### WHAT IS NEEDED
Copy the data that appears below exactly. Drop the pictures.

### COLLECTED MATERIAL

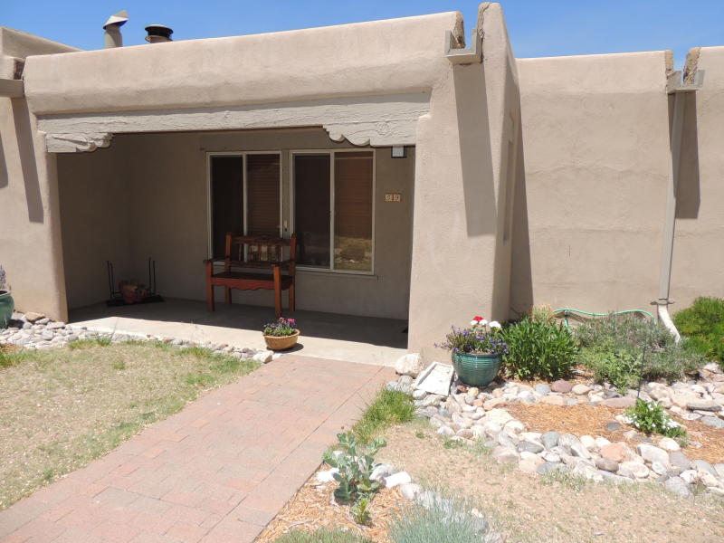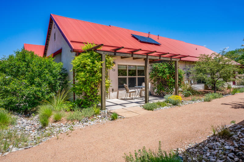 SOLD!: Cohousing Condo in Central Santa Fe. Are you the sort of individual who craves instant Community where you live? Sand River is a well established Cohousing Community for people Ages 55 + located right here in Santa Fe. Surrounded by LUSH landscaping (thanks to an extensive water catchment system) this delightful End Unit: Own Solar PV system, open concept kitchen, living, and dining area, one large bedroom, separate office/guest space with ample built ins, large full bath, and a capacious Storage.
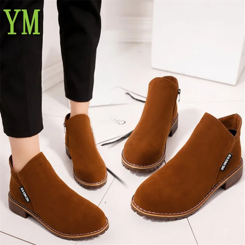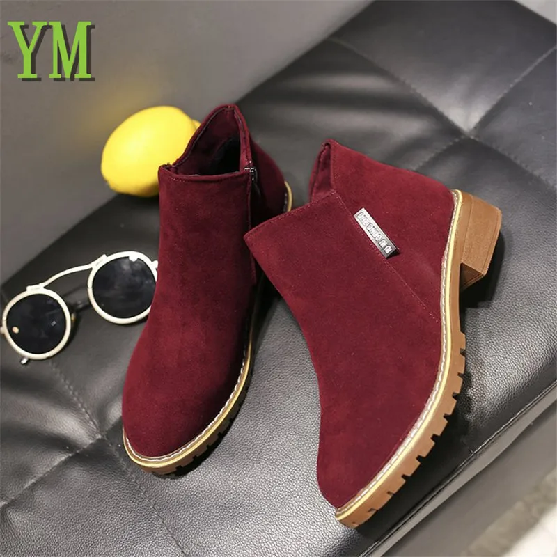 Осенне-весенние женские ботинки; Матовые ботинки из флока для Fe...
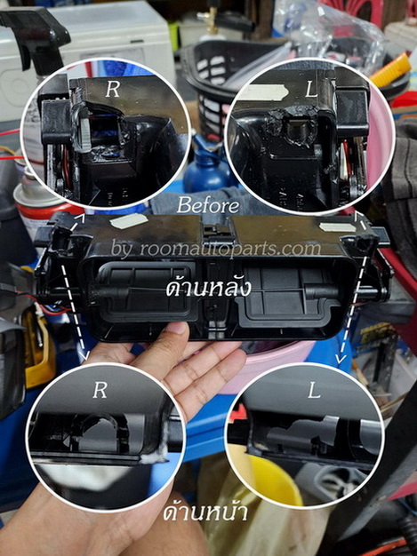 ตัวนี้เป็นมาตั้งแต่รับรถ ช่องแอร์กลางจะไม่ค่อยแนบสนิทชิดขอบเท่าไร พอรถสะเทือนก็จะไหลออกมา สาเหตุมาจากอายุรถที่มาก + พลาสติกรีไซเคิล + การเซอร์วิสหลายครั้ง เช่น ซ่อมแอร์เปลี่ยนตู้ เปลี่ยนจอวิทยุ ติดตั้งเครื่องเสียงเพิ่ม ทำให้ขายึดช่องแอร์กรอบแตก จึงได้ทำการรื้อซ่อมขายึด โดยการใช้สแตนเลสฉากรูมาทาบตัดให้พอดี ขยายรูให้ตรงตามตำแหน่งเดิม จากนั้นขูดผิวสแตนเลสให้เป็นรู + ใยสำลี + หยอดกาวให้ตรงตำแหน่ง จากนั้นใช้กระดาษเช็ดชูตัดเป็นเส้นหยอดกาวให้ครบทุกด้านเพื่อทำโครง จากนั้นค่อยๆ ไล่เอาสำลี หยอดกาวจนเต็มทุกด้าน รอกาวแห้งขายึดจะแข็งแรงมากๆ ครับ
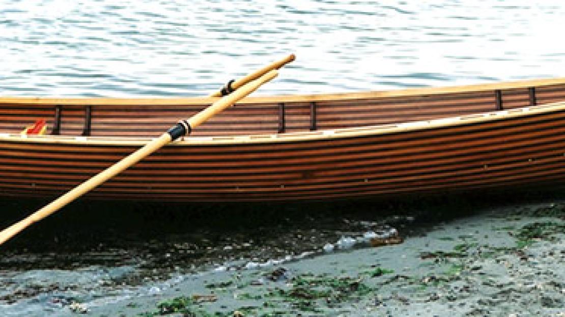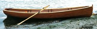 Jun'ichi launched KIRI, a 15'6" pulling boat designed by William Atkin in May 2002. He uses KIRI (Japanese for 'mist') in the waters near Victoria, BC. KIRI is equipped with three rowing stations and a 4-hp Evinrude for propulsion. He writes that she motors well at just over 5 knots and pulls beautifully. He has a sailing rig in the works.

### RESPONSE
 SOLD!: Cohousing Condo in Central Santa Fe. Are you the sort of individual who craves instant Community where you live? Sand River is a well established Cohousing Community for people Ages 55 + located right here in Santa Fe. Surrounded by LUSH landscaping (thanks to an extensive water catchment system) this delightful End Unit: Own Solar PV system, open concept kitchen, living, and dining area, one large bedroom, separate office/guest space with ample built ins, large full bath, and a capacious Storage.
 Осенне-весенние женские ботинки; Матовые ботинки из флока для Fe...
 ตัวนี้เป็นมาตั้งแต่รับรถ ช่องแอร์กลางจะไม่ค่อยแนบสนิทชิดขอบเท่าไร พอรถสะเทือนก็จะไหลออกมา สาเหตุมาจากอายุรถที่มาก + พลาสติกรีไซเคิล + การเซอร์วิสหลายครั้ง เช่น ซ่อมแอร์เปลี่ยนตู้ เปลี่ยนจอวิทยุ ติดตั้งเครื่องเสียงเพิ่ม ทำให้ขายึดช่องแอร์กรอบแตก จึงได้ทำการรื้อซ่อมขายึด โดยการใช้สแตนเลสฉากรูมาทาบตัดให้พอดี ขยายรูให้ตรงตามตำแหน่งเดิม จากนั้นขูดผิวสแตนเลสให้เป็นรู + ใยสำลี + หยอดกาวให้ตรงตำแหน่ง จากนั้นใช้กระดาษเช็ดชูตัดเป็นเส้นหยอดกาวให้ครบทุกด้านเพื่อทำโครง จากนั้นค่อยๆ ไล่เอาสำลี หยอดกาวจนเต็มทุกด้าน รอกาวแห้งขายึดจะแข็งแรงมากๆ ครับ
 Jun'ichi launched KIRI, a 15'6" pulling boat designed by William Atkin in May 2002. He uses KIRI (Japanese for 'mist') in the waters near Victoria, BC. KIRI is equipped with three rowing stations and a 4-hp Evinrude for propulsion. He writes that she motors well at just over 5 knots and pulls beautifully. He has a sailing rig in the works.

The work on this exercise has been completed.